By the time the EMTs rushed toward us, a small crowd had gathered, but everyone else hung back.
I rode with her in the ambulance.
I answered their questions as best as I could.
We were playing Truth or Dare.
She fell.
No one had to tell me that Agnes had suffered a brain injury, lapsed into a coma. No one had to tell me that she’d never be the same. No one had to point out that Jonah wouldn’t want her like this. I’d known it, felt it in my belly the instant I heard that sound—crack.

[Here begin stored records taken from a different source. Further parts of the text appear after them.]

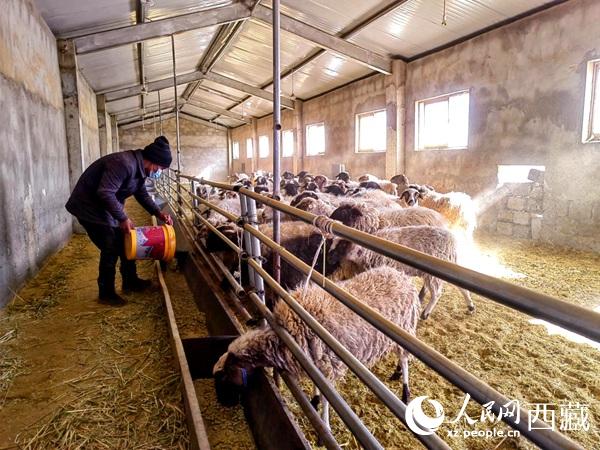 大寒時節,狂風呼嘯。在平均海拔4500多米的西藏日喀則市康馬縣涅如堆鄉藏細綿羊育肥農牧民專業養殖合作社(簡稱“合作社”),牧民占堆正忙著給上千只羊投喂飼料。他笑著告訴記者:“自從我們這兒開始人工種草后,就建立了合作社,羊統一養在合作社里,冬天再也不用去很遠的地方放牧了,日子也比以前過得好了。”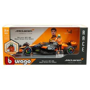 Miniatura Bburago Miami Grand Prix McLaren F1 MCL38 2024 Lando Norris 4 1/24 c/ Boneco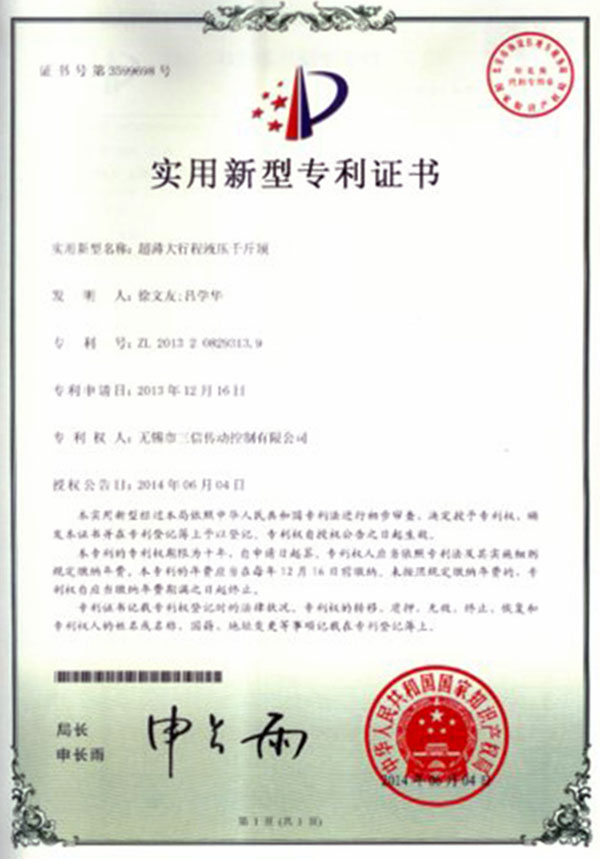 公司發(fā)明專利產(chǎn)品-超薄雙級(jí)大噸位單作用液壓千斤頂

It wasn’t until Agnes’s parents showed up and the police came that they asked whether I’d pushed her. I said no. Of course I said no. I said I wouldn’t have, couldn’t have done that.
Agnes’s parents didn’t believe me.
They didn’t ask whether I wondered about pushing her.
Not a push, not really. Just a little tap.
The answer would have been no, I didn’t wonder. I heard a voice whisper in my ear.
Just to see what would happen.
It sounds like Lucy’s voice: deep and hoarse from years of vomiting.
But I didn’t know Lucy then.
The voice I heard that night can’t have been Lucy’s.
I open my eyes. “What happened to the girl, Lucy? Rhiannon, the one you pushed?”
Lucy doesn’t answer. Her knee isn’t jutting into my side anymore. Was I so lost in my own thoughts that I didn’t feel her get up and go back to her own bed? I reach my arms out, trying to find her.
“Lucy?” I say again, louder this time, even though there’s no need to raise my voice in this tiny room. We can hear each other’s whispers even when we’re in our own beds.
I get up and cross the room. It’s so dark that I can’t see Lucy’s bed. I hold my hands out in front of me like I’m Frankenstein’s monster. I shout Lucy’s name. I run my hands along the wall, my fingertips sliding over the nooks and divots of the cheap brick. I lean my head against the window’s cold glass to make sure it hasn’t opened, that Lucy couldn’t have slipped outside. I drop to my knees and crawl on the floor, knock over the pile of romance novels, hit my head on the side of my bed, and then crawl beneath it, groping in the darkness, trying to find where my roommate is hiding. I scream for someone to turn on the lights.